= Dancing Ferret =

The Dancing Ferret entertainment group is an unofficial collective name for Dancing Ferret Discs and Dancing Ferret Concerts. It was started by Patrick Rodgers (a.k.a. DJ Ferret) in 1995 with the formation of Dancing Ferret Concerts. The company markets bands from the gothic rock, heavy metal, alternative rock, neo-Medieval, trip hop, and industrial genres of music.

In 2008, Dancing Ferret Discs made the decision to wind down releasing new material on their label. Following two releases in 2009, the label's last official new releases were 2011's Sverker and 2013's Gimlie by Corvus Corax.

==Dancing Ferret Discs==
Dancing Ferret Discs is a Philadelphia-based record label started in August 1998. It is the record label "sister company" of Dancing Ferret, and hosts bands in the alternative scene.

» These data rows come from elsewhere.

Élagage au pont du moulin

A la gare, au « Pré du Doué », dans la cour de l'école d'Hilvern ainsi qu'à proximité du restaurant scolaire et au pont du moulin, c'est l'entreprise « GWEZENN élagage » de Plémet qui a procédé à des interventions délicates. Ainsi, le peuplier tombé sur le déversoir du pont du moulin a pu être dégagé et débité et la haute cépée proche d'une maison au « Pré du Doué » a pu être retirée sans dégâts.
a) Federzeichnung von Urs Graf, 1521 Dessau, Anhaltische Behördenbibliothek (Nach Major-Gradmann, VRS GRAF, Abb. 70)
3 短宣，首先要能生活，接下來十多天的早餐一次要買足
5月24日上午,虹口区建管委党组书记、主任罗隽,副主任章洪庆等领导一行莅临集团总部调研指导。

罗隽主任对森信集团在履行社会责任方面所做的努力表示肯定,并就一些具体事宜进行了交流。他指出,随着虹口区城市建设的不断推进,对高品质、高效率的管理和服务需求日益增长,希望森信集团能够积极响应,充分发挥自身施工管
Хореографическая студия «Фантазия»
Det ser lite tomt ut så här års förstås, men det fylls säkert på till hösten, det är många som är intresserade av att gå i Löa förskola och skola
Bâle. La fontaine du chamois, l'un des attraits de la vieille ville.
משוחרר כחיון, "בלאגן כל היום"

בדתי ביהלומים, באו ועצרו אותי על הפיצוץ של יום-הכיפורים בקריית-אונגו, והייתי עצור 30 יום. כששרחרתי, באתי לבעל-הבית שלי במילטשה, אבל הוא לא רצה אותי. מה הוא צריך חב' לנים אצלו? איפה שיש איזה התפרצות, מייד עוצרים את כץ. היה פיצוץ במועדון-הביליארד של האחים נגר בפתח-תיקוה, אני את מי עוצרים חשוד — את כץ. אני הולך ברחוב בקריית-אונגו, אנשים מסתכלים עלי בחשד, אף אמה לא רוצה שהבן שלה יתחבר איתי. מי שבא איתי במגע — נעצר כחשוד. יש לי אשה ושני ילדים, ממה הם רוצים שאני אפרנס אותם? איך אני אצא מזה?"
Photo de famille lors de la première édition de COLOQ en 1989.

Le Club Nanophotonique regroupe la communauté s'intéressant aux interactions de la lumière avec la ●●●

While the label is no longer signing new bands or releasing new material, a partial list of bands that were previously signed to DFD includes:

- Absurd Minds
- Angelspit
- Behind The Scenes
- Carfax Abbey
- Corvus Corax
- The Crüxshadows
- De/Vision
- The Dreamside
- Ego Likeness
- Eisbrecher
- Estampie
- Faun
- Gothminister
- Information Society
- Irfan
- Joachim Witt
- The Last Dance
- Lunascape
- Mo-Do
- Neuroticfish
- Paralysed Age
- Qntal
- Subway to Sally
- ThouShaltNot
- Voltaire

Some of these bands were signed to Dancing Ferret's sublabel, Noir Records, which focuses on less club-oriented fare.

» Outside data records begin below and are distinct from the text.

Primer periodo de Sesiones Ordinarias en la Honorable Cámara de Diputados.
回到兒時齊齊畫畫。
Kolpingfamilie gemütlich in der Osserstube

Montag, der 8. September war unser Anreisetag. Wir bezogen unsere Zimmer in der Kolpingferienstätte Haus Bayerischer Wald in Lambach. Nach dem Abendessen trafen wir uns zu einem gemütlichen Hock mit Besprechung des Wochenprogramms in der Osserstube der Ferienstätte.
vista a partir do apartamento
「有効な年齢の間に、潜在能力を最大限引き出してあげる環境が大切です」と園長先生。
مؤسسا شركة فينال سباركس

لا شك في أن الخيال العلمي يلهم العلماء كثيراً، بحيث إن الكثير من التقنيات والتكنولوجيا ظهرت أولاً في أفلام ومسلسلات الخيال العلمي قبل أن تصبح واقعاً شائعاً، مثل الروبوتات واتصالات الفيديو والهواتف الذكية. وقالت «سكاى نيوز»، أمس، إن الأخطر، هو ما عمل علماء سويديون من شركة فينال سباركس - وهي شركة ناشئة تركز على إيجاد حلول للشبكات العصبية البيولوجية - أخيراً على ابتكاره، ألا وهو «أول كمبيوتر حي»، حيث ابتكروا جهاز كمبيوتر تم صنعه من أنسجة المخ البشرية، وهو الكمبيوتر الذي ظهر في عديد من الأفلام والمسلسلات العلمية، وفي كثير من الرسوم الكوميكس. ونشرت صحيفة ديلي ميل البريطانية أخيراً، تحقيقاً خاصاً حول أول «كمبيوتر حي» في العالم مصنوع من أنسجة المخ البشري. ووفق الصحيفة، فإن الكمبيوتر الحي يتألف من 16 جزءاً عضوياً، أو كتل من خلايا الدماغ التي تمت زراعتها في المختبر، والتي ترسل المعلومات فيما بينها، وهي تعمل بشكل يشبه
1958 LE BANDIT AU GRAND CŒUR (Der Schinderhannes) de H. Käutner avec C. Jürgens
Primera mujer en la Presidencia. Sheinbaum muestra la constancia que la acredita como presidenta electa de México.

In 2005, Dancing Ferret Discs released Dancing in the Dark: 10 Years of Dancing Ferret, a compilation album with songs from some of the label's artists.

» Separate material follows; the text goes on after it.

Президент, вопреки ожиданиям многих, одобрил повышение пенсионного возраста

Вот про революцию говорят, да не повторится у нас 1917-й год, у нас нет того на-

==Dancing Ferret Concerts==
Dancing Ferret Concerts produces concerts, club events and DJ dance nights in the city of Philadelphia. Its weekly party, "Nocturne", debuted in January 1996. Nocturne ceased its weekly events on August 1, 2012.

Dancing Ferret celebrated its 30th anniversary with a concert at Underground Arts in Philadelphia on August 15, 2025. The event featured musical performances from Information Society, Tapping the Vein, and Ships In The Night in addition to DJ sets by Jon Gill.